**Problem description**. Copy from the first line below down to and including the line with "Vestido de maternidad". Skip the pictures.

**Stored data**.
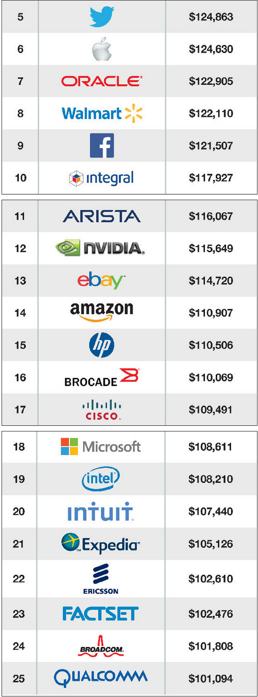 以下為25家頂級公司的程序要年薪報告圖
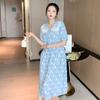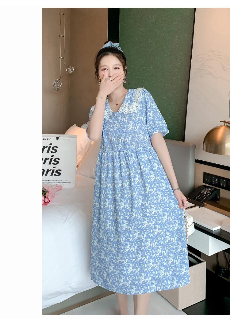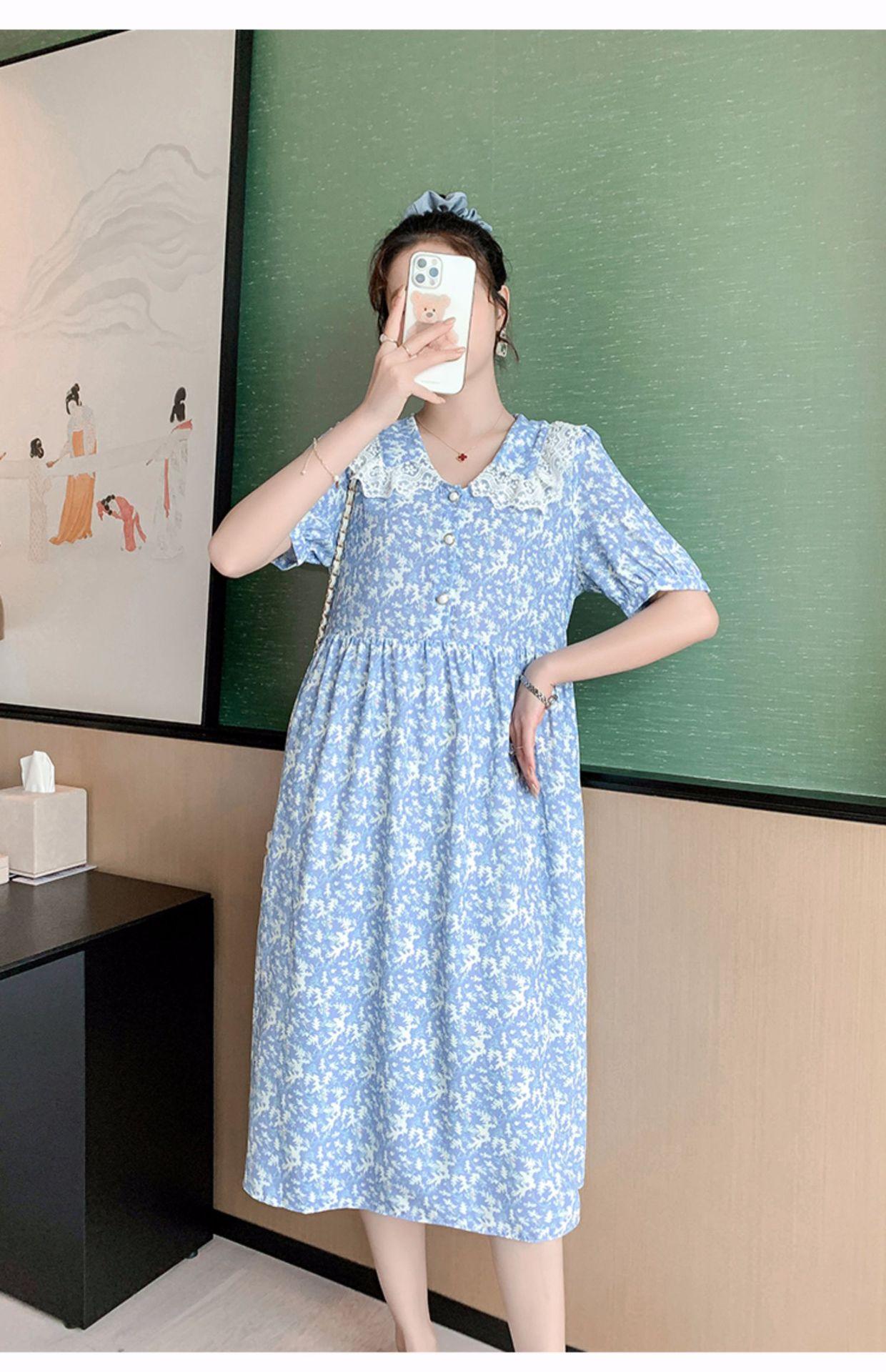Vestido de maternidad de verano, holgado, de talla grande, con estampado floral, de manga corta, para embarazadas y lactancia.
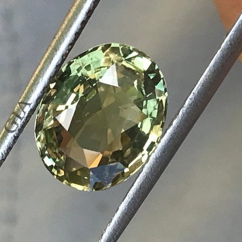Demantoid ædelsten, 1 sten, samlet vægt 5,38 ct, oval, modifieret brillant snit, gennemsigtig, farve gulgrøn, ingen varmebehandling, dimensioner ca. 5,96×4,75×2,96 mm til 6,22×4,91×3,24 mm, ICA GemLab-rapport TH25G119725. Klik på den blå "gå til varen" knap, for at købe eller byde på denne vare. Den samlede pris vil blive vist inden du afgiver dit bud.
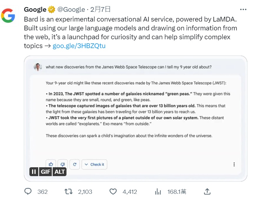 Google聊天機器人Bard 8日在回答韋伯太空望遠鏡的問題上失誤,導致母公司股價暴跌。(圖擷自Google推特)
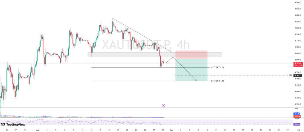 Apabila terjadi rejection yang valid—ditandai dengan candle bearish dan peningkatan volume jual—maka XAUT berpotensi melanjutkan penurunan menuju support terdekat di $4,551.6, dengan target lanjutan di area yang lebih rendah.
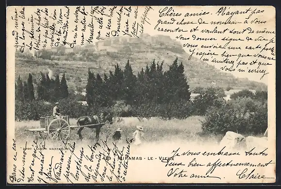 AK Miramas-le-Vieux, Vue champêtre avec charrette et paysages bucoliques
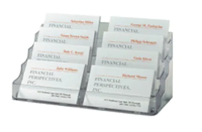 Zur besonders platzsparenden Präsentation und schnellen Entnahme von verschiedenen Visitenkarten. Dank transparenter Gummifüße standfest und rutschsicher.
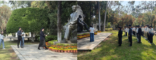 学院师生上前,在廖承志先生铜像前敬献鲜花,全体人员肃立行注目礼,以芬芳的鲜花传递对先辈的无限敬仰与深切追思。献花仪式后,全体人员面向铜像肃立,低头默哀一分钟,在静默中缅怀廖公的崇高品格与历史功绩,感悟先辈初心,汲取前行力量。
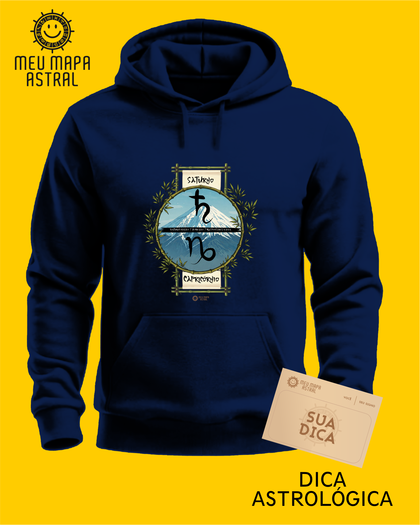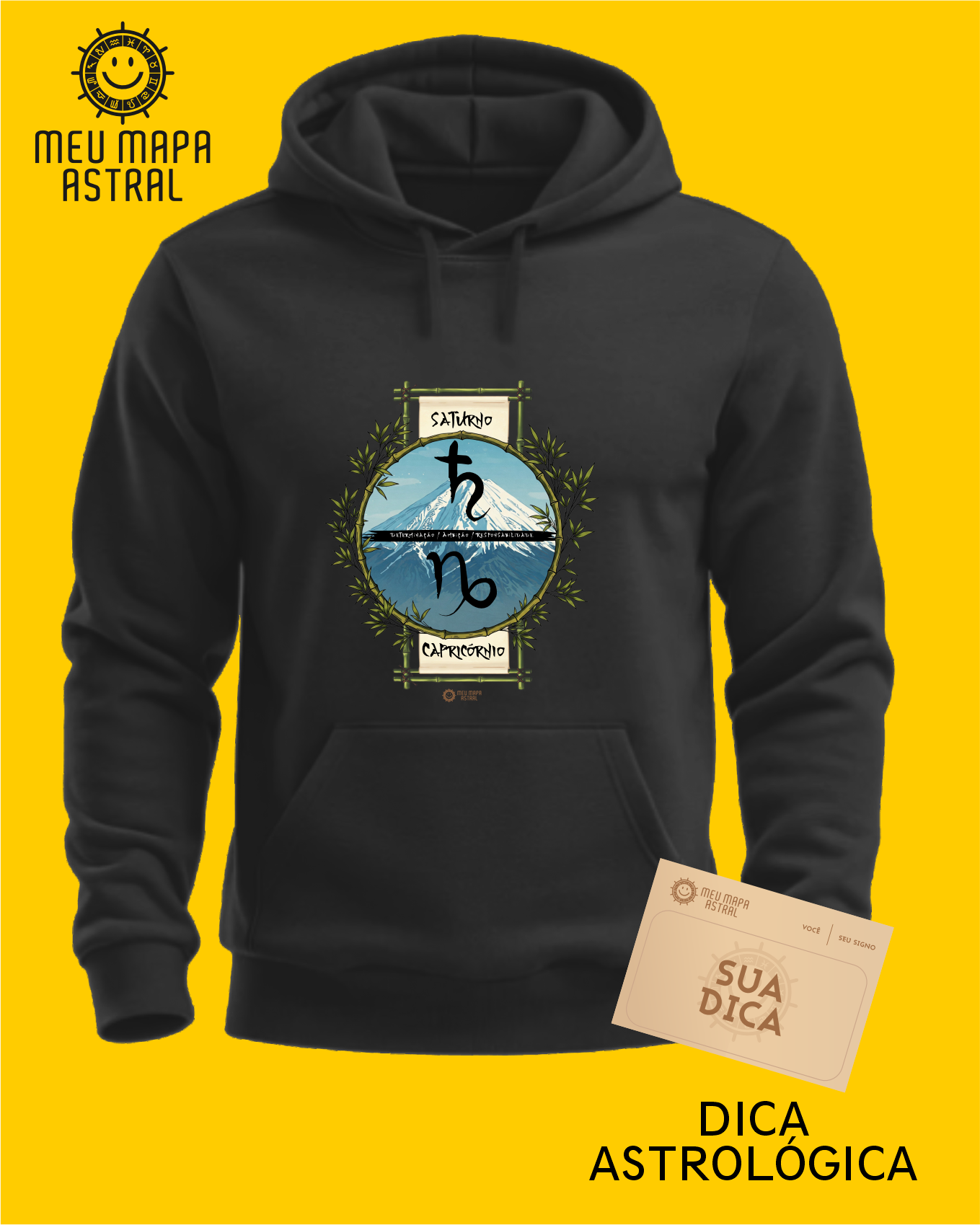 Aconchegante, com aquele toque fofinho e flanelado por dentro, super confortável, esse moletom une conforto e estilo com uma estampa astrológica do signo Capricórnio, seu astro regente Saturno e suas principais características, numa estampa astrológica inspirada no mestre do ukiyo-e, Katsushika Hokusai, cheia de estilo.
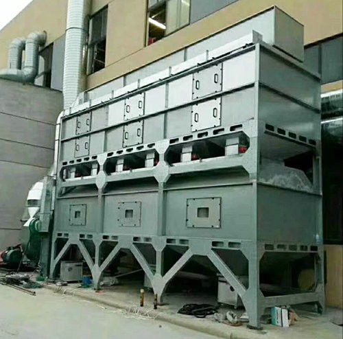 在化學(xué)反應(yīng)過程中,利用催化劑降低燃燒溫度,加速有毒有害氣體完全氧化的方法,叫做催化燃燒法。由于催化劑的載體是由多孔材料制作的,具有較大的比表面積和合適的孔徑,當加熱到300~450℃的有機氣體通過催化層時,氧和有機氣體被吸附在多孔材料表層的催化劑上,增加了氧和有機氣體接觸碰撞的機會,提高了活性,使有機氣體與氧產(chǎn)生劇烈的化學(xué)反應(yīng)而生成CO2和H2O,同時產(chǎn)生熱量,從而使得有機氣體變成無毒無害氣體。
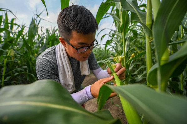 在吉林省梨樹縣四棵樹鄉(xiāng)三棵樹村的“科技小院”試驗(yàn)田,中國農(nóng)業(yè)大學(xué)在讀碩士沙野查看玉米長勢(2019年7月24日攝)。新華社記者 張楠 攝?
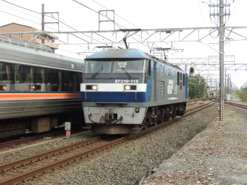 EF210-115(単機・5073レ) 二川駅(下り) (←写真左) 新所原駅方面(浜松・静岡方面)から二川駅に接近中(2番線通過)の、EF210-115(単機・5073レ[EF66吹田 A36B]・静岡貨物→幡生操車場※日曜稲沢止単機)です。 二川駅の2番ホーム東端側(新所原・浜松寄り)にて撮影したもので、写真左側には、二川駅の中線に停車中の373系(F12編成・3両編成)の回送列車(新所原・浜松方面行)が見えています。 2015.11.01(Sun)[13:06]現在 |
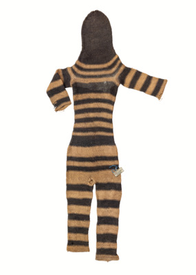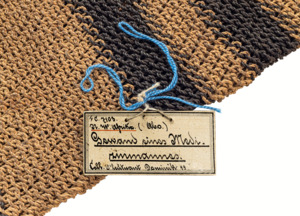 Natur und dunkel gefärbt in Blockstreifen; handschriftlich mit Bleistift in Inv.-Buch: "eines Medizinmannes" u. "inneres Kamerun"
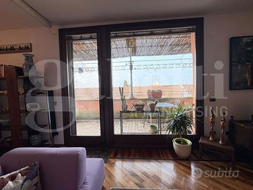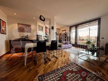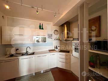 L'ingresso introduce in un disimpegno che accompagna alla zona living di ampio respiro, con zona pranzo e cucina a vista. Una spettacolare vetrata dona all'ambiente una luce naturale e conduce alla vera protagonista della casa: una magnifica terrazza privata, ampia e riservata, dalla quale si gode una suggestiva vista sui tetti del centro storico, in un contesto di assoluta tranquillità.

**Answer to this exercise**.
 以下為25家頂級公司的程序要年薪報告圖
Vestido de maternidad de verano, holgado, de talla grande, con estampado floral, de manga corta, para embarazadas y lactancia.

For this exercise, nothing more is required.